The group, the Electronic Privacy Information Center, said Facebook had deceived its users and violated the terms of a 2012 consent decree with the FTC, which is the principal regulatory agency overseeing consumer privacy in the United States.
(Also see: Outcry Greets Facebook's Emotion Test)
"The company purposefully messed with people's minds," the advocacy group wrote in its complaint. "At the time of the experiment, Facebook did not state in the Data Use Policy that user data would be used for research purposes. Facebook also failed to inform users that their personal information would be shared with researchers."
In the study, which lasted for one week in January 2012, Facebook changed the number of positive and negative posts that users saw in their feeds to see how that affected the emotional tone of the posts they made afterward. The research, which was published in an academic journal last week, found that people who were exposed to more negative material went on to write slightly more negative posts, and vice versa.
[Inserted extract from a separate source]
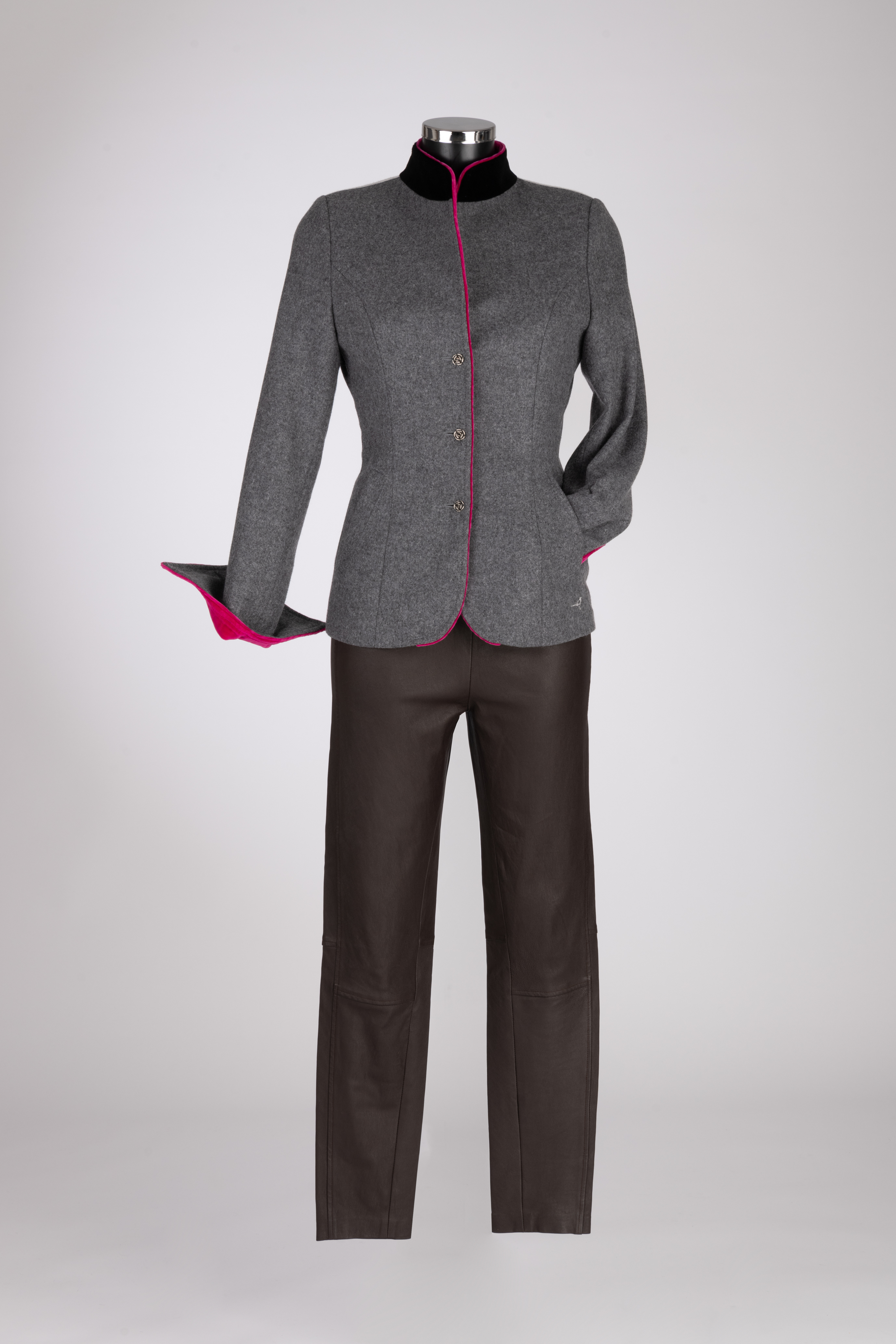 Der moderne Lodenjanker verbindet traditionelle Materialien mit einem ausgefallenen, jungen Design. Der Kragen aus Kalbsfell setzt einen edlen Akzent, während die Kanten mit feiner Samtpaspel dem Janker eine hochwertige, elegante Kontur verleihen.
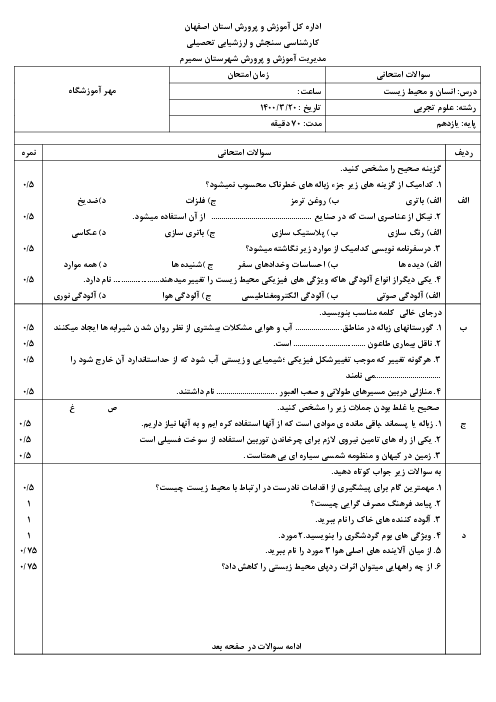 سوالات آزمون نوبت دوم انسان و محیط زیست یازدهم دبیرستان شهدای وردشت | خرداد 1400

Facebook never sought formal permission from users for the study, arguing that its data use policy gave it sufficient permission to conduct the research. But the privacy group noted that at the time of the emotion study, the company's data policy did not tell users that their personal information could be used for research purposes.
Regulators in Ireland and Britain are also asking questions about Facebook's actions in the study.
And Thursday, the journal that published the study, the Proceedings of the National Academy of Sciences, issued an " expression of concern" regarding Facebook's decision not to get explicit consent from the affected users before running the study.
"Obtaining informed consent and allowing participants to opt out are best practices in most instances under the U.S. Department of Health and Human Services Policy for the Protection of Human Research Subjects," Inder M. Verma, the journal's editor-in-chief, wrote in the note.
Although academic researchers are generally expected to follow the policy, Facebook, as a private company, was not required to do so, Verma said. "It is nevertheless a matter of concern that the collection of the data by Facebook may have involved practices that were not fully consistent with the principles of obtaining informed consent and allowing participants to opt out," he said.
The company has apologized and said it has since adopted stricter internal standards for reviewing studies before they are begun.
(Also see: Facebook Admits to 'Terrible' Communication Gaffe With Emotion Study)
"When someone signs up for Facebook, we've always asked permission to use their information to provide and enhance the services we offer," Jodi Seth, a Facebook spokeswoman, said Thursday. "To suggest we conducted any corporate research without permission is complete fiction. Companies that want to improve their services use the information their customers provide, whether their privacy policy uses the word 'research' or not."
On Wednesday, Facebook's chief operating officer, Sheryl Sandberg, said the company was in communication with regulators all over the world and that "this will be OK."
The FTC, as is its practice, declined to comment on the complaint.